00:00So, do you hear anything to change your mind?
00:09Well, we had a good conversation.
00:12My message, of course, to the Prime Minister is that people can't afford to pay any more.
00:18That they're tapped out, their grocery bills, their rent is too high after 10 years of excess spending.
00:24So, I shared my view that we need the government to bring down its inflationary deficits and taxes.
00:31I was grateful for the chance to sit down with the Prime Minister.
00:34We had a good conversation.
00:36He didn't make any commitments.
00:38And so, I'm looking forward to seeing what he comes up with.
00:41You said you hoped he was in listening mode.
00:43Did you feel that was the case?
00:45I think we both were.
00:47We had a good back and forth.
00:49And we shared our respective views.
00:52I'm not going to report to you anything that he said because that was in the four walls of the room.
00:56I can only speak for myself.
00:58And I reiterated that we need this to be an affordable budget.
01:02We've seen over the last 10 years of Liberal deficit spending is driven up the cost of living and driven down investment in our country.
01:10So, my message is it's time to reverse course on the costly decade of deficit spending that has given us more expensive food and housing.
01:22The Canadian people deserve a break.
01:24The cost of government is driving up the cost of living.
01:28And so, if the Prime Minister is serious about making Canada a more affordable country, then he needs to bring forward an affordable budget.
01:35Do you get the sense that this is a budget that you can support?
01:38Sorry, go ahead.
01:39We can take both.
01:40Okay, you go first.
01:41Do you get the sense that this is a budget you could support?
01:44I haven't seen anything, but I've sort of laid out my conditions for the party and we'll see what he comes up with.
01:52I mean, history though is that opposition parties, official opposition parties, do not support the budget.
01:56I mean, you just don't.
01:57It's not part of your job.
01:58So, do you know what I mean?
02:01Do you see a world in which this is possible for you?

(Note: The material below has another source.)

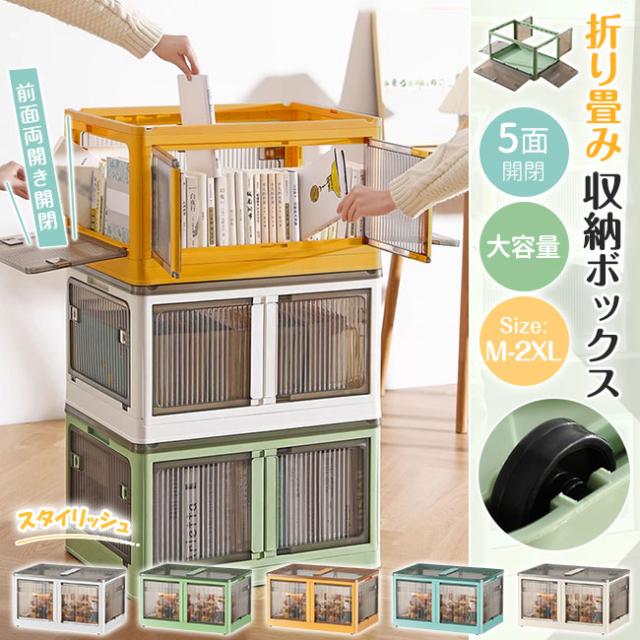 収納ボックス サイズL 折りたたみ 5面開閉 前面両開き開閉 大きめサイズ 隠れキャスター付き コンテナー 組立簡単 積み重ね 新生活 災害用 おしゃれ 衣装布団 収納ケース 大容量 物入れ 移動便利 透明 ボックス プラスチック

02:04The world would be, it's an affordable budget that gets rid of taxes, excess taxes on investment, home building, work, energy, that brings the deficit down to the level that the Liberals promised only a year ago.
02:18Pretty reasonable to go back to the deficit they were running only a year ago.
02:22These are the things that he would have to do for us to consider it.
02:25At the end of the day, our number one priority is people's take home pay has to grow and that comes through more affordable food and homes.
02:33The current Liberal policy is driving up the cost of living.
02:37If they sharply reverse that, then they can bring down the cost of living.
02:41And that's what I asked for with this meeting with the Prime Minister.
02:44Just a few meetings.
02:45Yeah, just curious.
02:46After meeting with him, what are your impressions as far as where the deficit might go?
02:50I didn't press him too hard.
02:52But, you know, the spending has been out of control since he took office.
02:56In a lot of ways, he's spending faster and more than the Liberal government was when he became Prime Minister.
03:02Spending on the bureaucracy is up 6%, on consultants is up 37%.
03:08It seems like he's got a new agency for every problem in Canada.
03:14It's going to be an alphabet soup of different acronyms around the city.
03:18And so, my sense is that his spending, Mr. Carney's spending with great respect is totally out of control.
03:24And Canadians are paying the price for his out of control spending.
03:28So why not press him a little bit further on it?
03:30Well, I didn't expect I would get an answer to that question in this meeting.
03:36And if I did, I'm not going to repeat things he said to me in private anyway.
03:40There seems to be like a shift in the narrative where it used to be the job of the government was in a minority situation.
03:45Right.
03:46It's the opposition to support the budget.
03:48Yes.
03:49And instead, it's become it is the opposition's fault if you don't support the budget.
03:53That's right.
03:54And I just wonder if you could reflect on that tension, like this idea that if Canadians truly do expect, in a minority situation, everybody to work together, then where is it with all your parties to sort of sit down and hammer this out?
04:05Or who owns that, ultimately?
04:08I think it will be up to the Canadian people to judge when they see the substance and measure it against the votes.
04:14But what I've tried to do is be fair-minded in just holding him to the promises that he made.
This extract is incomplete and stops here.